• **WHAT TO WORK ON**: In the listing below, start your output at the line with "Close-up portrait of" and end it after the line with "PUBH 6012 Exam", copying every line exactly.

• **RECORD EXTRACTS**:
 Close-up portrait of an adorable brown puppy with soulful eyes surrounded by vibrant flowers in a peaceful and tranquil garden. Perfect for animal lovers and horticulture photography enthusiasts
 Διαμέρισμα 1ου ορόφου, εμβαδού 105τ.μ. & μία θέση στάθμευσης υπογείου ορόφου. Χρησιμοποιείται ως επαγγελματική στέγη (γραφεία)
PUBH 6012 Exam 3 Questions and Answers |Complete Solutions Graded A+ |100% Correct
==
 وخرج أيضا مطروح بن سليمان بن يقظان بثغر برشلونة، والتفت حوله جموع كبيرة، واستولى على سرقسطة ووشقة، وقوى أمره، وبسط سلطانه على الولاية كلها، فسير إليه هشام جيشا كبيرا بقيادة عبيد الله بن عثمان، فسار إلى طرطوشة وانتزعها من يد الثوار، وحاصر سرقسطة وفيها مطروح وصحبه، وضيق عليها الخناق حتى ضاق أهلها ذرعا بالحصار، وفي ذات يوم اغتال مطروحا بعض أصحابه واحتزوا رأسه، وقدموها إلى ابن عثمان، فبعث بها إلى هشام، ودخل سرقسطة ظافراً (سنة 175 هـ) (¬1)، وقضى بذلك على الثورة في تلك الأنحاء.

• **RESPONSE FOR THIS EXERCISE**:
 Close-up portrait of an adorable brown puppy with soulful eyes surrounded by vibrant flowers in a peaceful and tranquil garden. Perfect for animal lovers and horticulture photography enthusiasts
 Διαμέρισμα 1ου ορόφου, εμβαδού 105τ.μ. & μία θέση στάθμευσης υπογείου ορόφου. Χρησιμοποιείται ως επαγγελματική στέγη (γραφεία)
PUBH 6012 Exam 3 Questions and Answers |Complete Solutions Graded A+ |100% Correct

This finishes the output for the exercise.